Il faut noter que dans ces cas, contrairement aux artistes découverts après leur mort, c'était un choix délibéré de garder ces œuvres privées, souvent par perfectionnisme ou parce qu'elles représentaient quelque chose de très personnel pour l'artiste.


Tous ces exemples reflètent quelque chose d’important, c’est la nécessité de produire quelque chose d’artistique sans contrepartie. Pour les premiers exemples, c’est une nécessité de créer malgré l’absence de reconnaissance ; pour la deuxième, qui a gagné une notoriété grâce à son travail artistique, c’est un besoin d’intime et d’espace privé où on a le droit à l’imperfection et à l’expérimentation.


Entre intime et public


J’aimerais finir en vous parlant de Nathalie Sejean qui est autrice et éditrice. Pour elle, il est important de finir le processus créatif par le partage avec au moins une personne pour que ce que nous avons produit prenne une nouvelle dimension et provoque chez nous un changement. Donner un public à son projet, ce serait lui donner vie. J’aime beaucoup cette idée et si elle vous intéresse aussi, elle en parle ici, sur son compte Instagram.

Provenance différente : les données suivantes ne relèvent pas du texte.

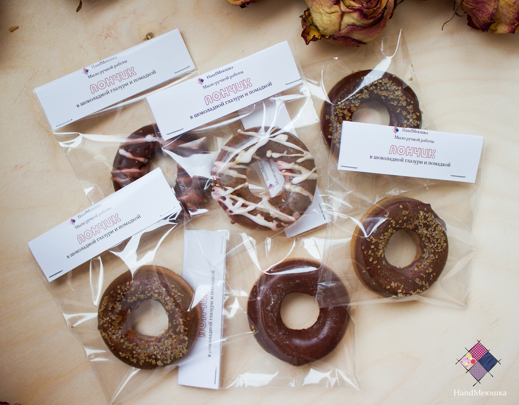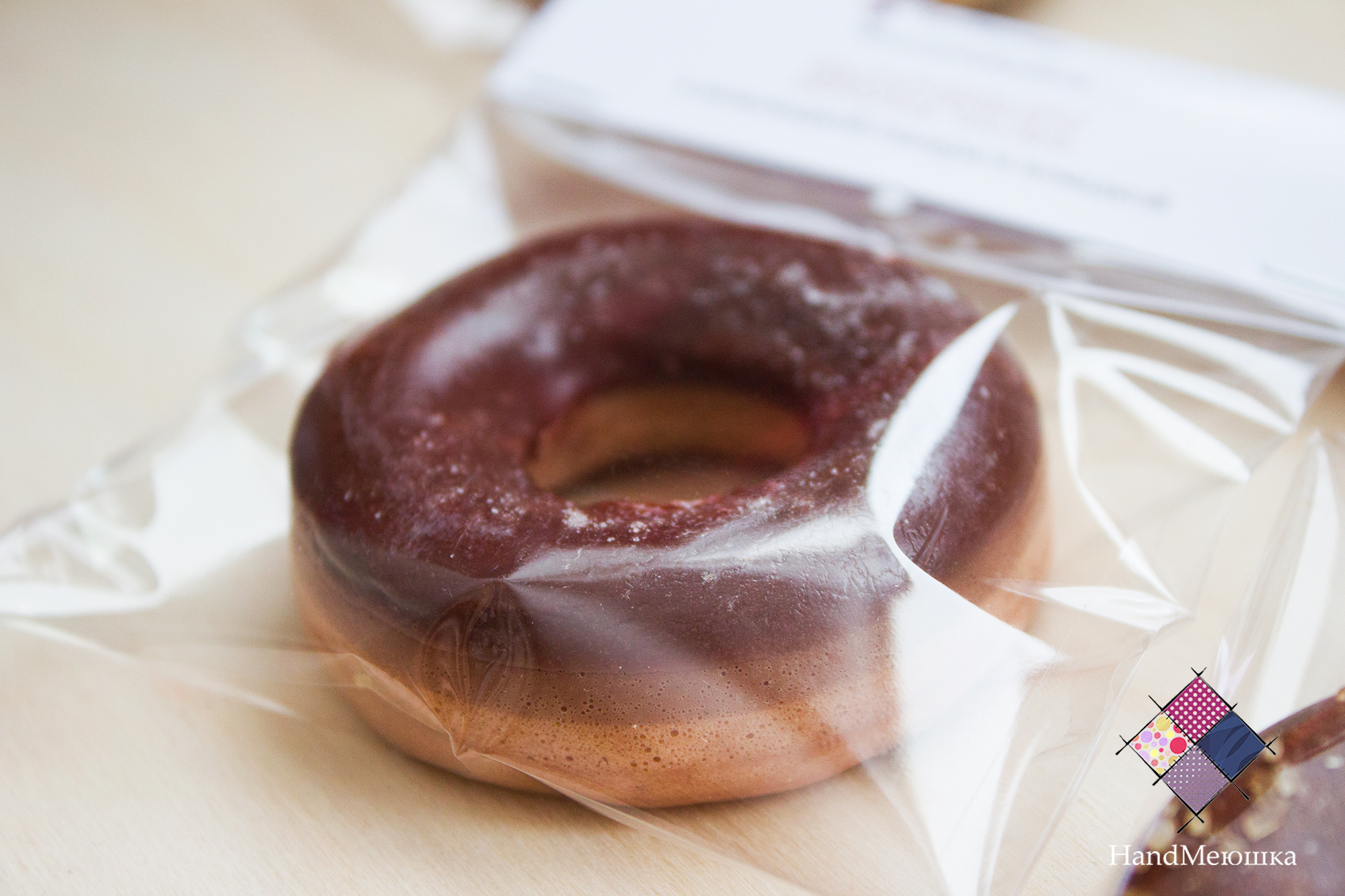 Удивительное мыло ручной работы в виде пончика. Выглядит как настоящий. Очень аппетитно и ароматно пахнет и выглядит! Несмотря на свою причудливую форму, оно также прекрасно мылится, как и всё остальное мыло. Идеально в качестве креативного подарка на любой праздник.

Étant donné que nous vivons dans une société saturée par la mise en scène de nos vies sur les réseaux sociaux et obsédée par l’image, je pense que vous avez besoin des deux : oui, donner un public à ce qu’on a créé provoque des émotions inédites, c’est parce que votre création, une fois dans les yeux de quelqu’un, n’appartient plus seulement à vous. N’importe qui peut y lire sa propre interprétation, y voir ses propres signes, y ressentir une émotion à laquelle vous n’avez pas pensé. C’est une expérience essentielle dans l’acte de créer que de découvrir ce qu’en fait le public.


Créer pour soi uniquement prend, alors, une dimension précieuse, un espace sacré et pudique qui pourra nourrir votre travail public, ou pas, si ça vous chante.


Qu’importe ce que nous faisons, nous avons besoin de cet espace de création intime. Si vous écrivez, si vous êtes graphiste, designer, auteurice, illustrateurice, artisan·e, vidéaste, écrivain·e, posez-vous la question : quelle est la dernière fois où vous avez créé pour vous sans témoin, sans ambition de vendre, de publier ou de présenter ce travail ? Qu’importe la réponse, faites-le.